I didn't say that did I? AWS/GCP/Azure/etc as a whole, are platforms that
companies become locked-in to, both technically and in terms of mindset.

------
joecot
This is extremely frustrating. One of the biggest use cases for wanting to use
Aurora serverless is connecting to MySQL using lambda functions -- Function as
a Service apps that can still use rdbms. The problem is that RDS endpoints
only exist inside vpcs, and cold starting a lambda function with a vpc network
interface can take 10+ seconds, making it useless for an API. I had hoped
that, given they were making a serverless MySQL service, they'd make sure it
actually plays well with lambda. Nope. Same problems regular RDS has. No
better method of securing the connection beyond vpc firewall rules. Amazon,
it's been a problem since lambda was launched and it hasn't been fixed.

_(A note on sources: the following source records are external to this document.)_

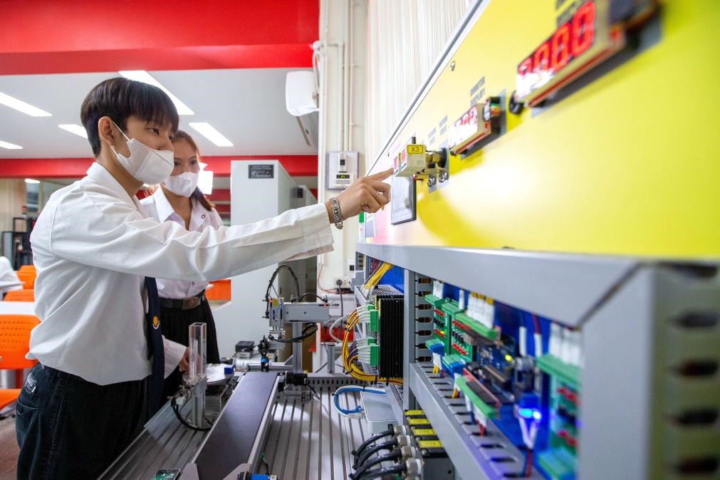 3月14日,在泰國(guó)大城府大城技術(shù)學(xué)院魯班工坊,學(xué)生在課堂上操作自動(dòng)化生產(chǎn)線(xiàn)安裝調(diào)試系統(tǒng)。新華社記者 王騰 攝
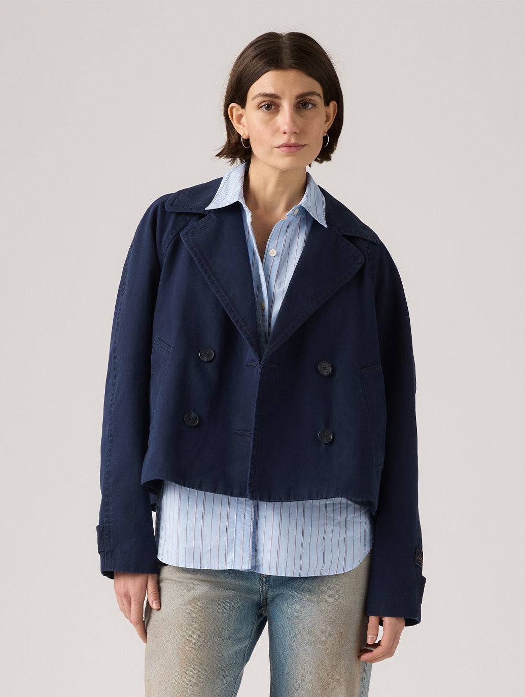 クラシックなスタイルとモダンなカットのBree Cropped Swing Trench Jacketは、時代を超越したラペル、ボタンアップフロント、そしてゆったりとしたリラックスフィットが特徴です。
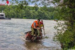Zu Mittag ging es für die Teilnehmer an die Donau zur praktischen Prüfung. Hierbei wurde ein Parcours schnellst möglich abgefahren. Der starke Zug der Donau erschwerte dabei das Fahren in der Zille enorm. Nachdem auch diese Station abgearbeitet war, stand die Meisterklasse am Programm. Hier fahren Zillenfahrer aus Oö. welche bereits in Besitz des Abzeichens in der Stufe Gold sind. BI Michael Moran, AW Bernhard Huemer und HBM Christoph Katherl traten hierbei an.
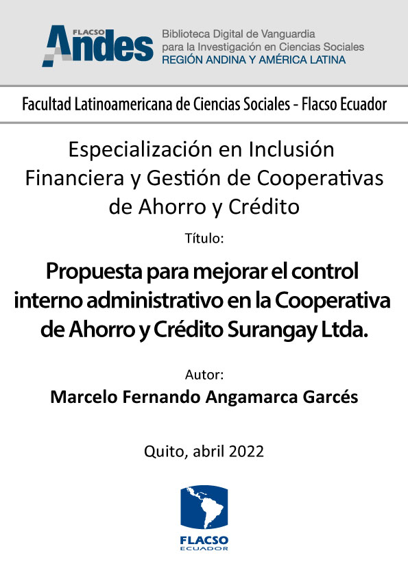 Angamarca Garcés, Marcelo Fernando. 2022. Propuesta para mejorar el control interno administrativo en la Cooperativa de Ahorro y Crédito Surangay Ltda. Tesina de especialización, Flacso Ecuador.
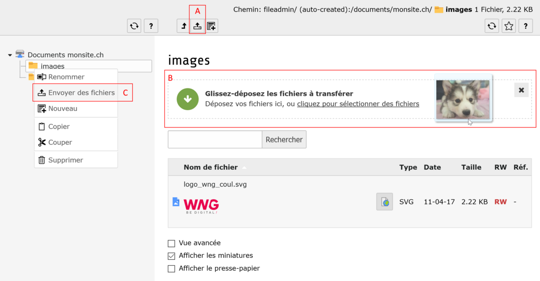 ? Assurez-vous d’avoir sélectionné le bon répertoire avant d’envoyer votre fichier. Dans l’exemple ci-dessus, le répertoire sélectionné est images. - Sélectionnez un ou plusieurs fichiers se trouvant sur votre ordinateur. Faites glisser votre sélection jusqu’à la liste de fichiers de TYPO3. Lorsque vous survolez la bonne zone, la flèche à gauche du texte Glissez-déposez les fichiers à transférer devient verte et c’est signe que vous pouvez relâcher le bouton de la souris pour effectuer l’envoi.
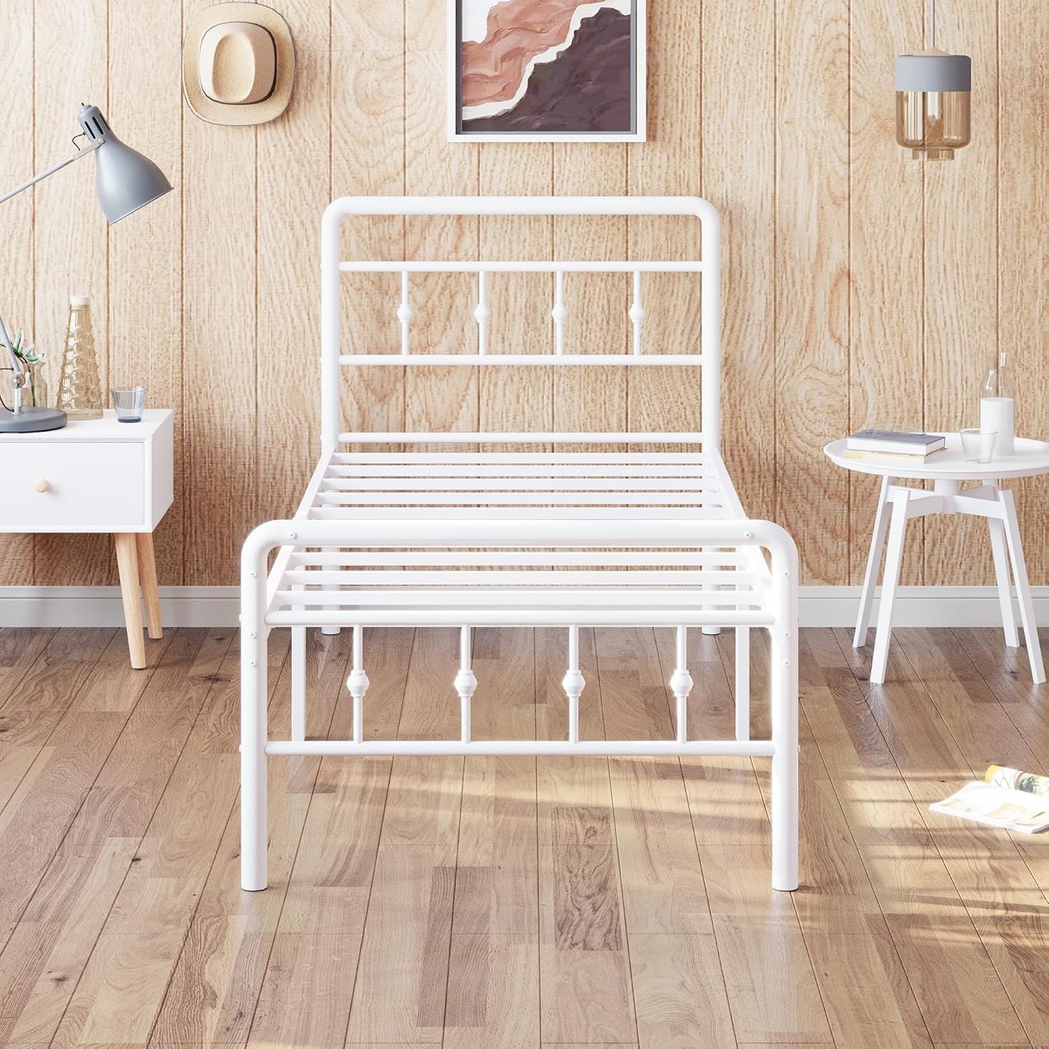 как выглядит Tall Twin Bed Frames with Headboard and Footboard, Heavy Duty Metal Platform ... фото

Either
fix lambda vpc cold start times, or provide a better way to connect lambda to
RDS. Just burying the problem only pisses off your customers when they try to
buy into your hype.

And since it always comes up:

* Yes, there is plenty of reason to want to use MySQL with lambda. Wanting to run software on FaaS does not mean wanting to abandon rdbms. For a small app, dynamodb is overkill; for a small app that turns into a large app, dynamodb is a money pit.

* No, adding scheduled heartbeat requests to the lambda functions so they never have to cold start is not a real, long term, scalable solution. It's a hack, it doesn't solve the problem if your app actually scales up, and infrastructure shouldn't depend on horrible hacks to function correctly.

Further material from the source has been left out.